Search code examples
ransiblehadoop-streaming

R install packages from Shell


I am trying to implement a reducer for Hadoop Streaming using R. However, I need to figure out a way to access certain libraries that are not built in R, dplyr..etc. Based on my research seems like there are two approaches:

(1) In the reducer code, install the required libraries to a temporary folder and they will be disposed when the session is done, like this:

.libPaths(c(.libPaths(), temp <- tempdir()))
install.packages("dplyr", lib=temp, repos='http://cran.us.r-project.org')
library(dplyr)
...

However, this approach will have a dramatic overhead depending on how many libraries you are trying to install. So most of the time will be wasted on installing libraries(sophisticated libraries like dplyr has tons of dependencies which will take minutes to install on a vanilla R session).

So sounds like I need to install it before hand, which leads us to approach2.

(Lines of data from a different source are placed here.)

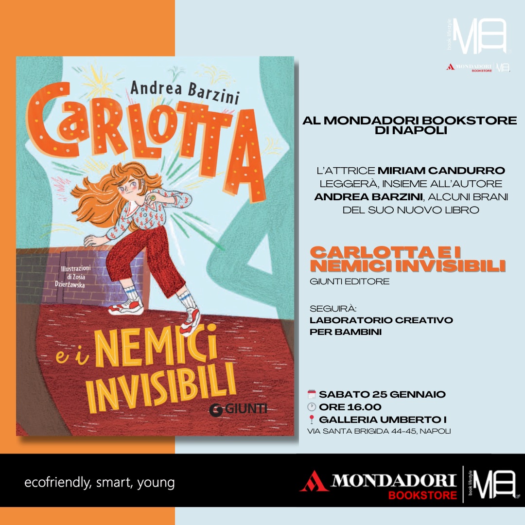 Sabato 25 gennaio 2025 alle ore 16.00, la libreria Mondadori Bookstore di Napoli ospiterà Andrea Barzini, rinomato regista, sceneggiatore, documentarista, scrittore e artista, che presenterà il suo nuovo libro per l’infanzia scolare “Carlotta e i nemici invisibili”.
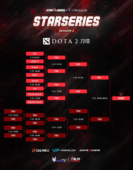 由ImbaTV联合Starladder举办的SL i-League群星联赛第二赛季DOTA2线下决赛将于北京时间7月22日凌晨0点30 分正式开始,揭幕战将由CDEC.Y战队与EG战队在位于美国洛杉矶的BTS House中共同打响!总共8支从全世界各地选拔而出的DOTA2战队将共同争夺30万美元的高额奖金与TI6前最后的冠军荣耀!
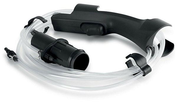 Шнур питания автоматически сматывается по завершении уборки. Для удлинения расстояния от корпуса до насадки используется специальная трубка, в данном случае — телескопическая.
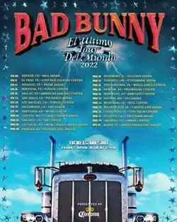 El Último Tour Del Mundo 2022 was the third concert tour by Bad Bunny, in support of his second and third studio albums YHLQMDLG and El Último Tour Del Mundo, both released in 2020. The tour started on February 9, 2022 in Denver and ended in Miami on April 3, 2022. It had one leg in the United States and 35 shows in total. The tour was a box office success with all the dates sold out. It grossed a total of $117 million with a total attendance over 575,000 fans, making it the highest grossing tour by a Latin artist in Billboard Boxscore history up that point.[1][2] Also, it was the fastest selling tour since 2018. On average, Bad Bunny's tour has had a per-show ticket count of 15,990 and a gross of $3.2 million.[3][4]
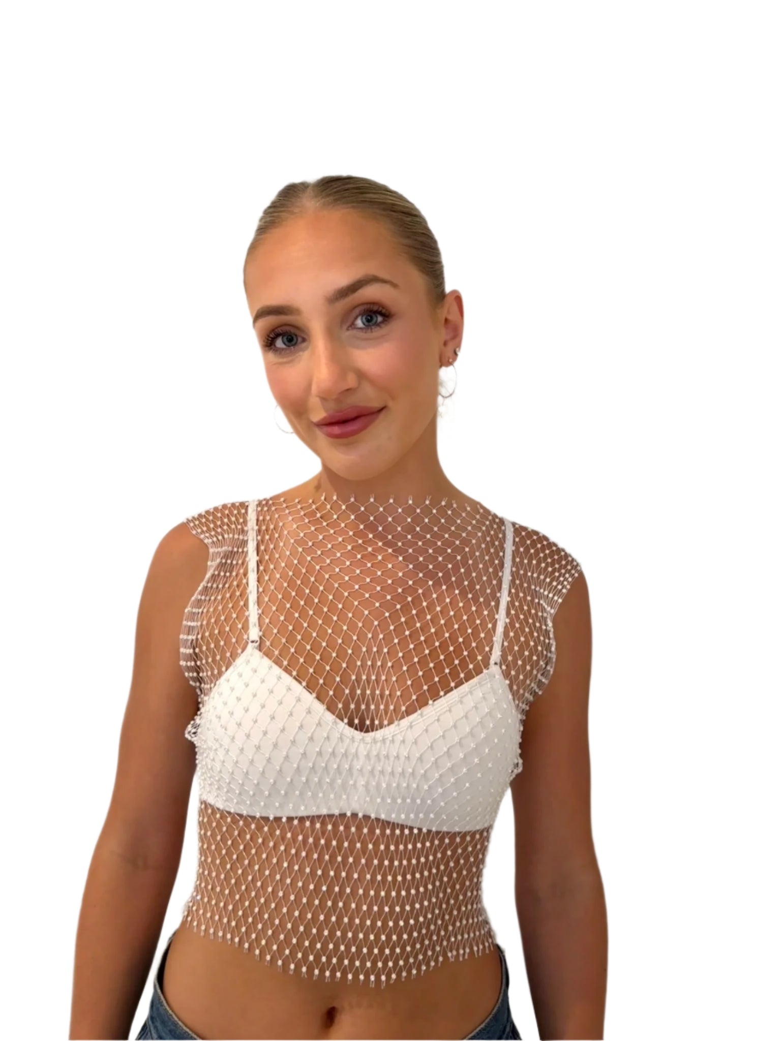 The Chrysler Rhinestone Top- White is a stylish and fashionable choice. Crafted with a white mesh material, it features delicate rhinestone detailing. This top is sure to turn heads as it sparkles under the lights.
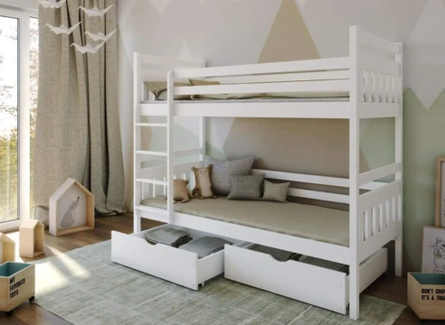 Dvoupatrová postel s úložným prostorem nabízí dvě pohodlná lůžka v kompaktním uspořádání, ideální pro sourozence.
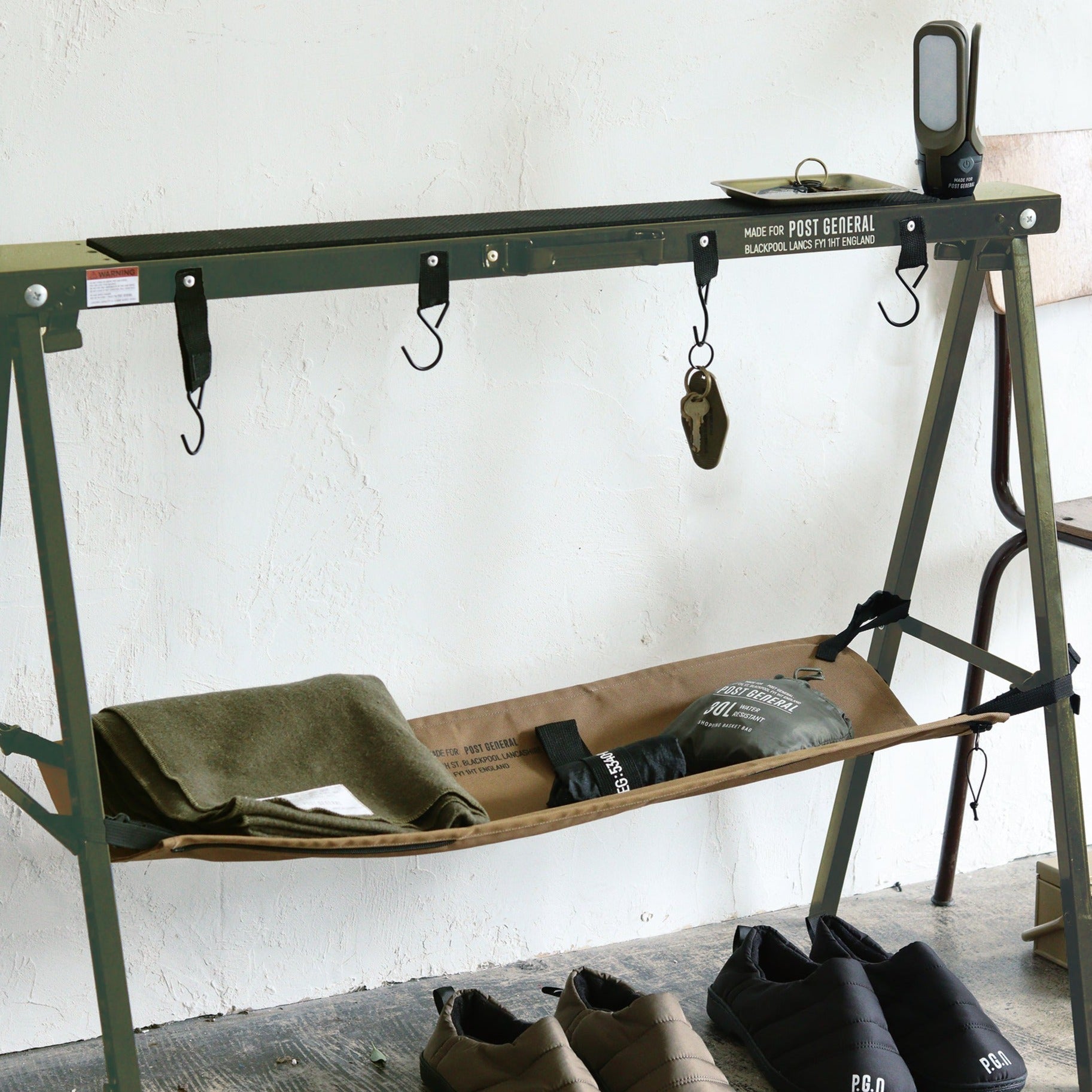 Gunakan sebagai rak gantungan untuk petualangan luar ruangan Anda atau sebagai kaki meja untuk meja kerja Anda. Cocok untuk menyimpan peralatan Anda agar tetap teratur di rumah, maupun di alam terbuka.

(2) My cluster is fairly big. And I have to use some tool like Ansible to make it work. So I prefer to have one Linux shell command to install the library. I have seen R CMD INSTALL... before, however, it feels like will only install packages from source file instead of doing install.packages() in R console, figure out the mirror, pull the source file, install it in one command.

Can anyone show me how to use one command line in shell to non-interactively install a R package? (sorry for this much background knowledge, if anyone thinks I am not even following the right phylosophy, feel free to leave in the comment how this whole cluster R package should be managed.)


Solution

  • You may find littler useful. It is a command-line front-end / variant of R (which uses the R-embedding interface).

    I use the install.r script all the time to install package from the shell. There is a second variant with more command-line argument parsing but it has an added dependency.